Kendini Gerçekleştiren Kehanet: Kader mi, Zihnimizin Oyunu mu?

Abone Ol

Hayat bazen bize garip bir oyun oynar. Bir şey olacağını hissederiz… ve tuhaf bir şekilde gerçekten olur. Çoğu insan bunu “içime doğmuştu” diye anlatır. Oysa psikolojide bunun çok tanıdık bir adı vardır: kendini gerçekleştiren kehanet.

Aslında kehanetin doğasında mistik bir güç yoktur. Tıpkı küçük bir kıvılcımın zamanla alev alması gibi, bir beklenti de davranışlarımızı şekillendirir ve sonunda beklentinin gerçekleşmesine zemin hazırlar. Yani bazen kader sandığımız şey, gerçekte kendi adımlarımızın gölgesidir.

Beklenti Davranışı Doğurur

Örneğin “Ben bu işi kesin beceremem” diye düşünen biri, denemeden önce bile geri çekilir. Kendisini kanıtlayabileceği anlarda daha az çaba gösterir, daha çok hata yapar. Sonunda gerçekten “başaramaz”. Böylece baştaki düşüncesi haklı çıkmış gibi olur.

Bu döngü olumluda da çalışır. Bir öğrenci “Ben bunu yapabilirim” dediğinde motivasyonu artar, daha çok çalışır, daha fazla dener ve gerçekten başarır. Dışarıdan bakınca sanki başarı tesadüf gibidir ama aslında zihnin attığı ilk adım her şeyi başlatmıştır.

Toplumun Kehanetleri de Var

Kendini gerçekleştiren kehanet sadece bireysel değil, toplumsal bir mekanizma da yaratır.

Bir çocuğa sürekli “Sen zaten yaramazsın” dendiğinde, çocuk zamanla bu tanıma uymaya başlar. Çünkü etiketler bazen insanın kader defterine yanlış satırlar yazabilir. Aynı şekilde bir gencin “Harika bir potansiyelin var” cümlesiyle bile yönü değişebilir.

Toplumun inancı, bireyin davranışını; bireyin davranışı da toplumun kehanetini doğrular.

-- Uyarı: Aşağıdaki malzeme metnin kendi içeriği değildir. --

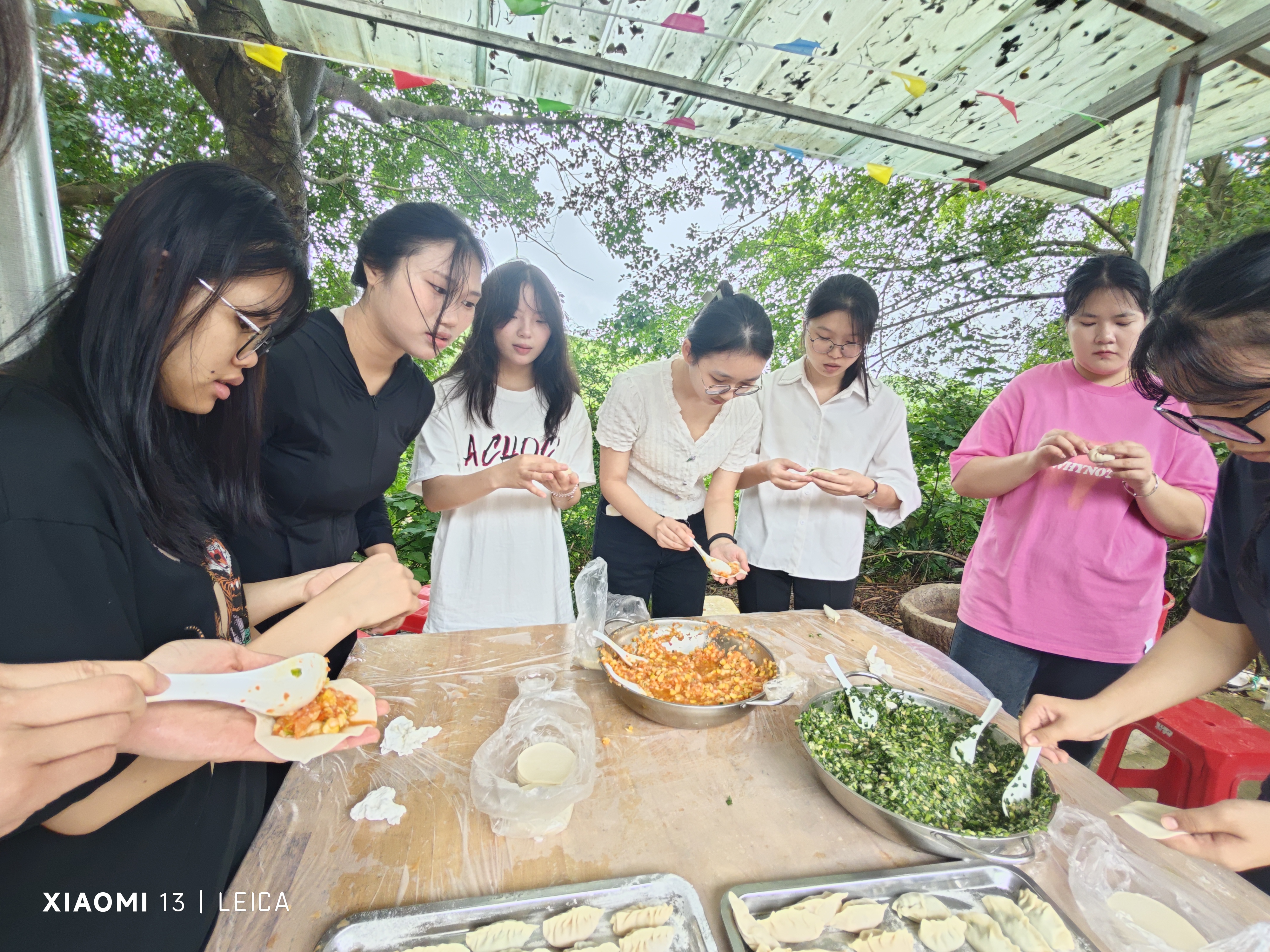 活动中,竹桐村园艺指导员讲解了本次活动的基本内容和注意事项,组织学生分两组开展劳动活动。其中一组体验农场园区劳动,包括种植红薯苗和中草药养护;另一组则学习民俗文化美食制作,具体环节有制作艾团、洋芋粉、磨豆浆和包饺子。

İlişkilerde Kaçınılmaz Son

Şaşırmayın ama bu kehanet aşk hayatımızda da çok sık karşımıza çıkar.

“Zaten beni terk edecek” diye düşünen biri, farkında olmadan mesafeli davranır. Güvensizleşir. Partneri bu davranışa anlam veremez, ilişkide çatlaklar oluşur… ve sonunda gerçekten terk eder. Bu kez de kişi kendini haklı hisseder: “Gördün mü? Biliyordum!”

Oysa kehaneti gerçekleştiren kader değil, davranışlarımız olur.

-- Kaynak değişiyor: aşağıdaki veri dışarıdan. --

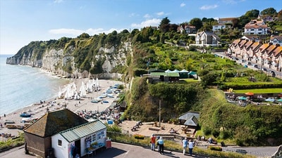 A shingle beach surrounded by white chalk cliffs, the village of Beer is the quintessential Jurassic Coast. Guided tours of the 2,000-year-old man-made caves run several times a day, and mackerel-laden boats deliver fresh catches to the village's eateries.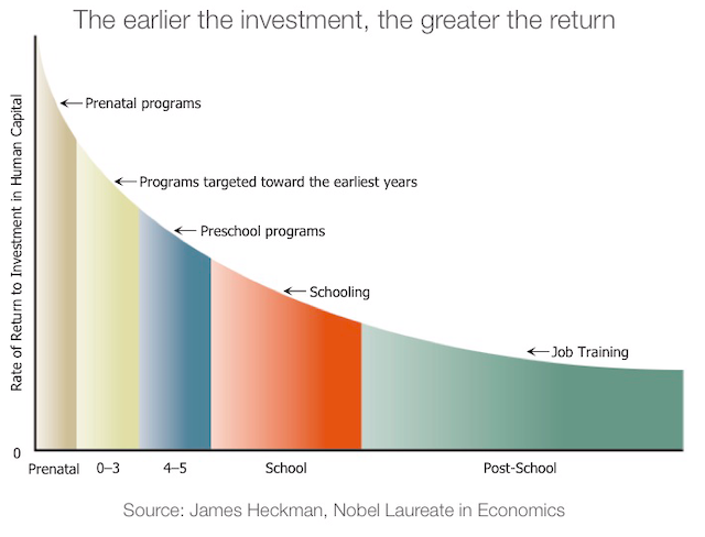 It’s impossible to delve into the child care debate without running into the name James Heckman, a Nobel prize-winning economist, famous for his work on human capital development and early childhood education. According to Heckman, “The highest rate of return in early childhood development comes from investing as early as possible, from birth through age five, in disadvantaged families.” This is shown in the famous Heckman Curve, a stylized representation of the return on human capital investments at different stages in life: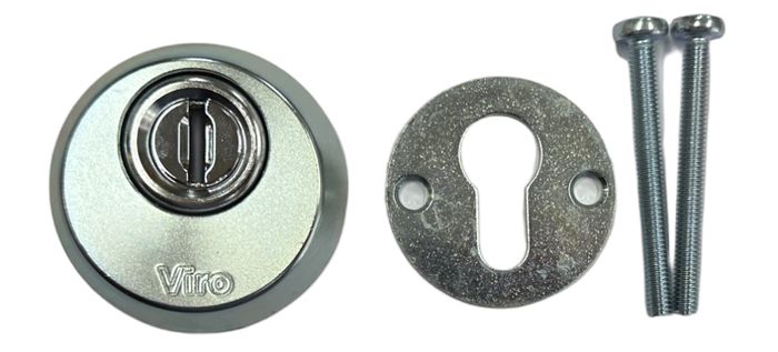 VIRO Art. 1-7918-0806 Security Escutcheon. This Escutcheon is designed for V06 and V90 Series Gate Locks to provide greater protection to both the lock body and cylinder (see RELATED PRODUCTS).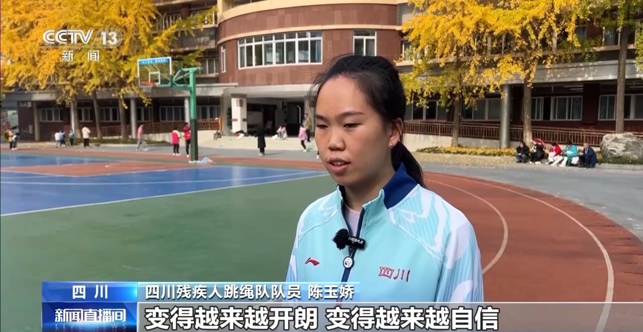 四川残疾人跳绳队队员 陈玉娇:希望我这次能突破上一届的成绩,能够拿到三个金牌。我觉得接触跳绳之后变得越来越开朗,越来越自信,让自己成了更好的自己

Kehaneti Tersine Çevirmek Mümkün mü?

Elbette mümkün. İnsan zihni tehlikeli bir tünel olduğu kadar, ışık dolu bir çıkış yolu da sunar. Beklentiyi değiştirirsek, davranışlarımız değişir; davranış değişirse sonuç da değişir.

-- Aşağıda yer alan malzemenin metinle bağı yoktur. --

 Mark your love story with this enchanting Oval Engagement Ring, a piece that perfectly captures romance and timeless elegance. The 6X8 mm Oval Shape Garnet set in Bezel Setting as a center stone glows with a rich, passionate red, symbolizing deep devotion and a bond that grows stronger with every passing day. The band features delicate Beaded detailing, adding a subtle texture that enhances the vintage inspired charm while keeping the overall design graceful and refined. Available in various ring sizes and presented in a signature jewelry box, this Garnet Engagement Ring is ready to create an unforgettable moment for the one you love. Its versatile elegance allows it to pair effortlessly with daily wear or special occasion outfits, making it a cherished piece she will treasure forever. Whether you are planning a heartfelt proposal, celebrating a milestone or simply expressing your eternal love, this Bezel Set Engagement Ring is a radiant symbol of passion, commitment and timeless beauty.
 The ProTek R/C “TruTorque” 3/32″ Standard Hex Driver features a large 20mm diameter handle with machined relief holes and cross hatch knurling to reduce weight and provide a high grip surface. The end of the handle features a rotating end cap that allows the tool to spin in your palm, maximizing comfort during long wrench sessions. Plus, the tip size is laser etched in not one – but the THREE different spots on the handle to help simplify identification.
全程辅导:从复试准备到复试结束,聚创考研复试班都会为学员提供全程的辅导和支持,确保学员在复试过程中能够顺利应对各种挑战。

Bazen sadece şunu demek bile büyüyü bozar:

“Ya kötü beklentim değil de, tini minicik bir umut gerçekleşirse?”

Özetle; kader dediğimiz şey bazen attığımız adımların toplamından fazlası değildir. Kehanetler kendini gerçekleştirebiliyorsa, neden daha iyi kehanetler seçmeyelim?

Belki de hayatın en büyük sırrı şudur:

Ne bekliyorsak, oraya doğru yürüyoruz.